(Records from a data collection)
[Start of section]
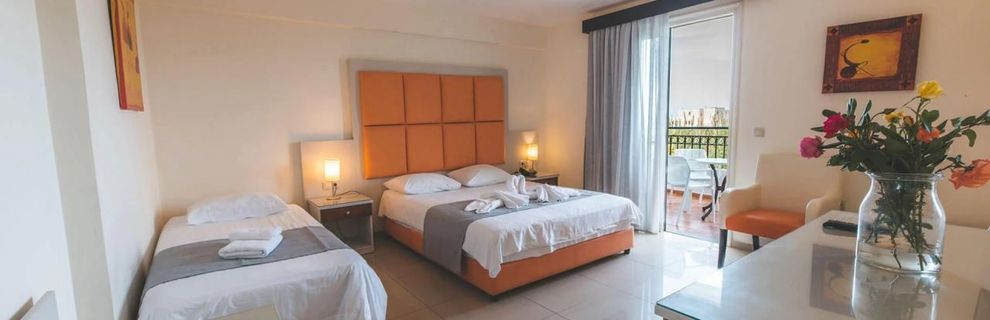Ten rozległy, otoczony zielenią hotel to idealna propozycja dla Gości szukających ciszy i pełnego relaksu z dala od codziennego zgiełku. Kameralna atmosfera, rodzinny klimat i malownicze położenie sprawiają, że każdy dzień wypoczynku nabiera tu wyjątkowego smaku, a Gość może cieszyć się wygodą oraz bogactwem udogodnień, od przestronnych terenów rekreacyjnych po zadbane pokoje. Na rozległym terenie czeka aż 3 baseny ze słodką wodą i bezpłatnymi leżakami oraz parasolami, przy których całe rodziny mogą wypocząć pod śródziemnomorskim słońcem. Pobyt umila również łatwy dostęp do plaży, liczne bary i tawerny w okolicy oraz rodzinne atrakcje.
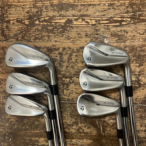 Super lækkert jernsæt. G-P-9-8-7-6 i p770 modellen og 5 jernet i p790 modellen. Dg mid 115 stiff skafter. Har spillet en sæson så nyeste model fra taylormade. Super stand, men er selvfølgelig brugt. Kan sendes
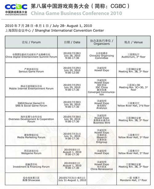 2010 CGBC日程 CGBC、CGDC和CGOC三大国际性会议将邀请全球近200名行业知名人士、技术专家发表演讲,尤其是中国游戏开发者大会在继承往届的办会理念和成功经验的基础上将续写辉煌。
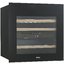 Встраиваемые холодильники для вина оснащаются специальной системой вентиляции: охлаждающая система у них находится в нижней части корпуса спереди. На такие устройства не навешивается мебельный фасад: дверца с затемненным стеклом остается на виду и открывается на достаточно широкий угол для свободного выдвижения деревянных полок.
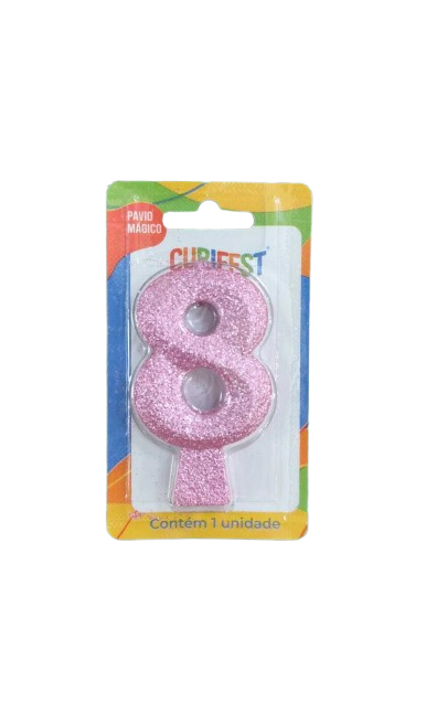 VELA DE ANIVERSÁRIO CONCEPT GLITTER ROSA BEBE N 8- CURIFEST
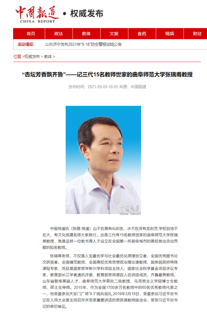 中国报道:“杏坛芳香飘齐鲁”——记三代15名教师世家的完美体育(中国)官方网站张瑞甫教授
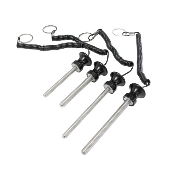 Le boulon enfichable magnétique en acier trempé offre un maintien sûr grâce à sa poignée en plastique avec aimant intégré et empêche le boulon enfichable de glisser. Équipé d'un câble en spirale et d'un anneau de fixation, il est idéal pour les chargeurs de poids. Disponible en différentes tailles.
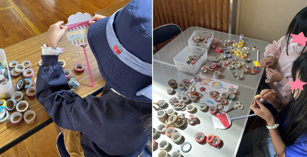 マステアートが初めてのお子様ばかりでしたが、テープの使い方をそれぞれに工夫して貼っているのに感心しました。
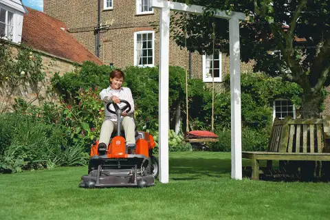 Маневренность и комфорт: Садовые райдеры HUSQVARNA обеспечивают легкость в управлении и возможность работы в сложных ландшафтных условиях.
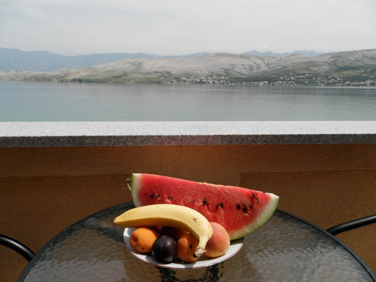 40 m² apartment with one bedroom and one bathroom. On the second floor with a balcony facing the Pag bay. The apartment is situated on a very quiet place first line to the sea (50-60 m from the sea) with the sea view. In front of the house there is a private parking.
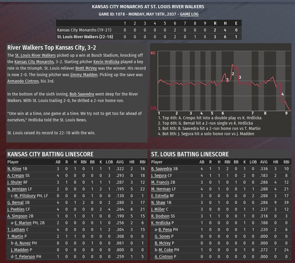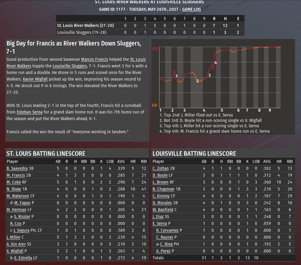 Hector Tavares homered twice, and Ann Arbor went deep three times in the first four innings to pave the way for a 6-2 win over St. Louis at Busch Stadium (2006). A former top prospect for the River Walkers, St. Louis traded Taveras to the Wolfpack during the 2036 season, in 2037 he has busted out. The 27-year-old hit a solo shots in the second and third innings off River Walkers starting pitcher Ming Xiang. For the season, Tavarez is hitting .331 with 23 homers and 50 RBIs with just 42 games gone in the season. His first homer put Ann Arbor ahead 1-0. The second was part of a three-run inning, which saw the Wolfpack go up 5-0. Shaun Young hit a two-run homer just before Tavarez second solo blast. Bill Pena, who St. Louis traded to Ann Arbor just last week, also had an RBI single in the inning. The Wolfpack extended their lead to 6-0 in the fourth. Pena drove in the run, connecting on a two-out single off Xiang to score Glenn Santiago. A two-run homer from Eddie Estrella in the bottom of the fourth off Ann Arbor starter Joe Alvarado accounted for the only runs for St. Louis. Alvarado (2-2) worked five innings, allowing two runs on six hits. He struck out eight and didn't issue a walk. Five relievers, four of them pitching a full inning, completed the game for Ann Arbor. Ryan Lodge (1.0 IP), was the first of them. He was followed by Scott Von Lehmden (1.0), Kyle Gatti (1.0), Duarte Picado (0.0) and Joey Thacker (1.0). Thacker, who started his career with St. Louis, earned his 14th save. |
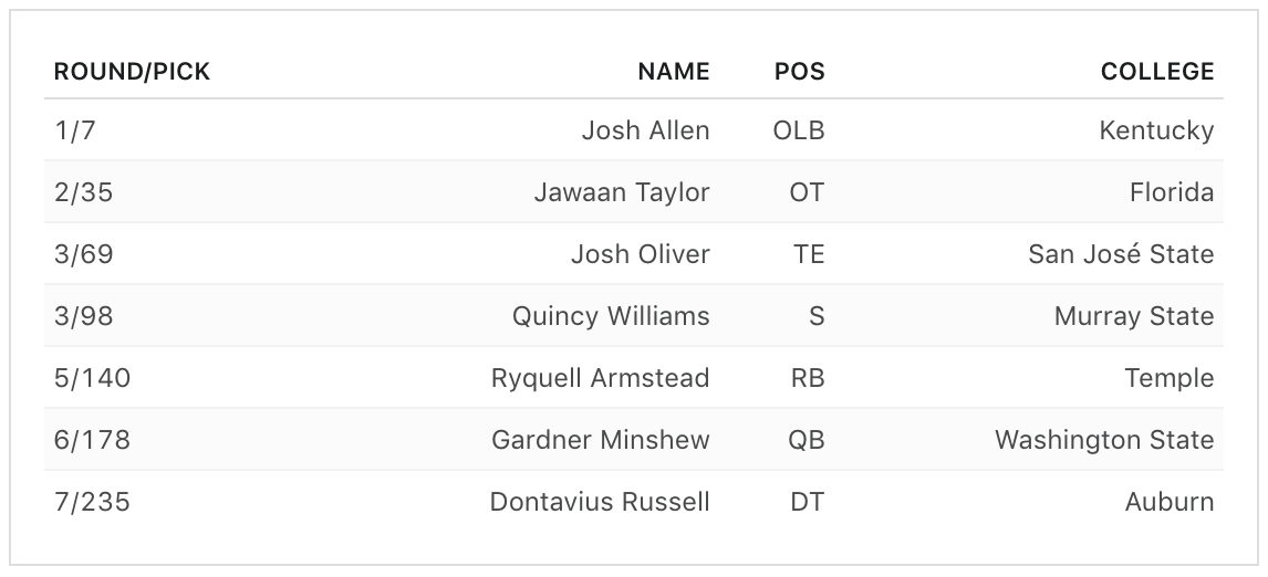 Really loved them adding Josh Allen and Jawaan Taylor with their first two picks. Josh Oliver is a sneaky good pick in the third but the rest is very meh. Quincy Williams went really early for me and I do not see the others as contributors any time soon. Those first 3 picks were real solid though.
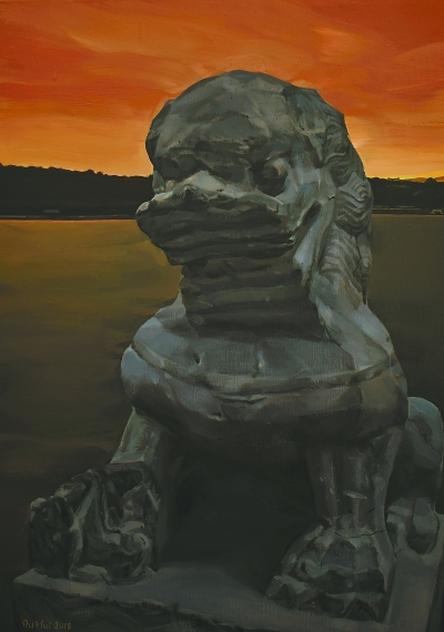 这些记忆有时候会幻化变形,融汇在杜汇的画里。比如他的《紫禁》画的不是故宫,而是某个公园桥头上的一尊石狮子。杜汇为了把自己记忆里那只“有历史沧桑感的石狮子”表现出来,用丙烯画一遍,刮下去一半,再画再刮。直到“打磨出历史的层叠感和堆积感”,因为这样才有“老照片的痕迹感”。画完前景的狮子,杜汇在远处画上了一艘若隐若现的脚踏船,在他看来这是“历史与现实的呼应”。
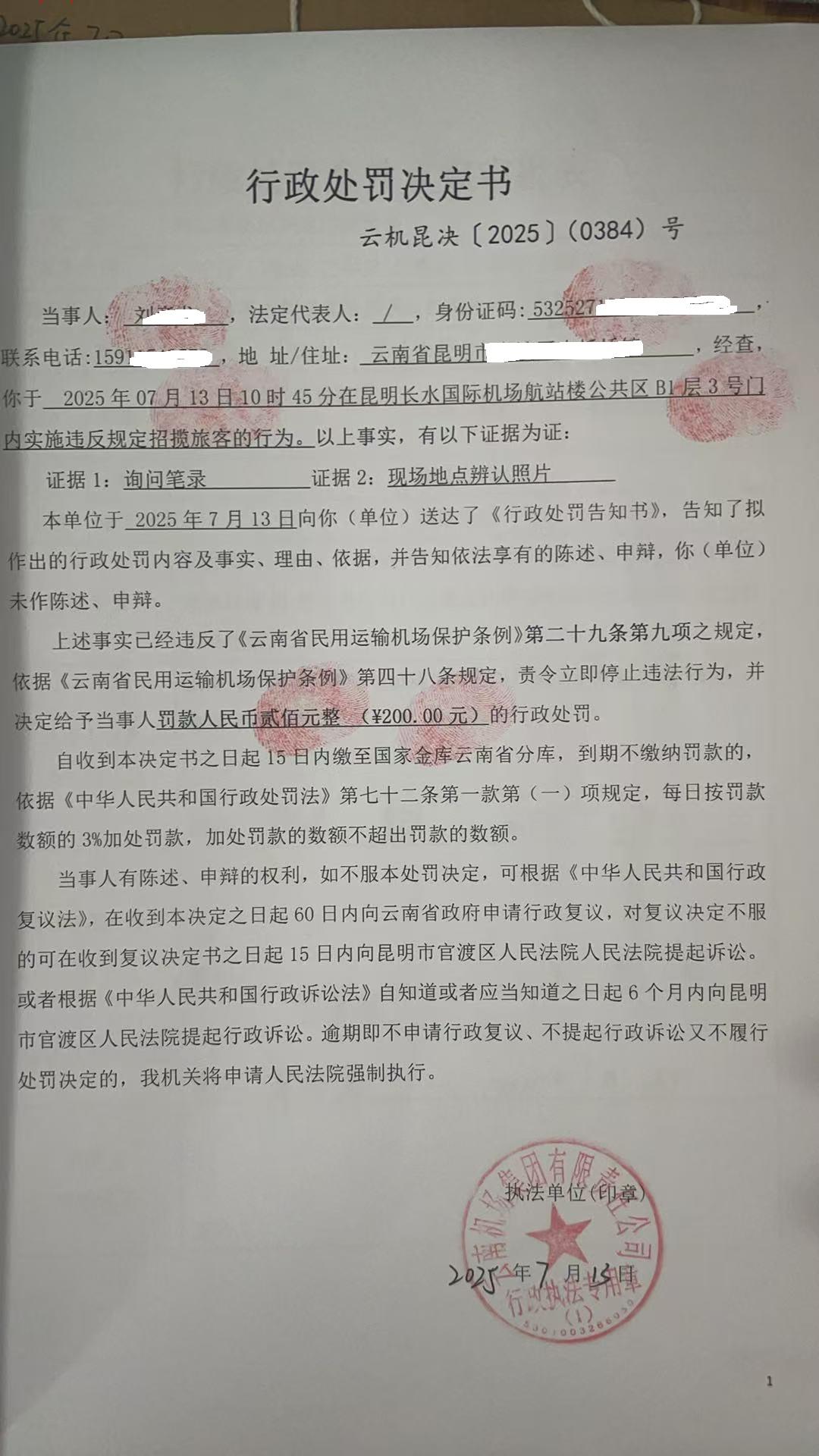 行政处罚决定书 云机罚 昆{2025} (0383)号
[End of section]
**Assignment**
Could you set down verbatim the lines from the beginning of the entries above through the line containing "Super lækkert jernsæt.", both included, leaving out the pictures?

**Task answer**
Ten rozległy, otoczony zielenią hotel to idealna propozycja dla Gości szukających ciszy i pełnego relaksu z dala od codziennego zgiełku. Kameralna atmosfera, rodzinny klimat i malownicze położenie sprawiają, że każdy dzień wypoczynku nabiera tu wyjątkowego smaku, a Gość może cieszyć się wygodą oraz bogactwem udogodnień, od przestronnych terenów rekreacyjnych po zadbane pokoje. Na rozległym terenie czeka aż 3 baseny ze słodką wodą i bezpłatnymi leżakami oraz parasolami, przy których całe rodziny mogą wypocząć pod śródziemnomorskim słońcem. Pobyt umila również łatwy dostęp do plaży, liczne bary i tawerny w okolicy oraz rodzinne atrakcje.
 Super lækkert jernsæt. G-P-9-8-7-6 i p770 modellen og 5 jernet i p790 modellen. Dg mid 115 stiff skafter. Har spillet en sæson så nyeste model fra taylormade. Super stand, men er selvfølgelig brugt. Kan sendes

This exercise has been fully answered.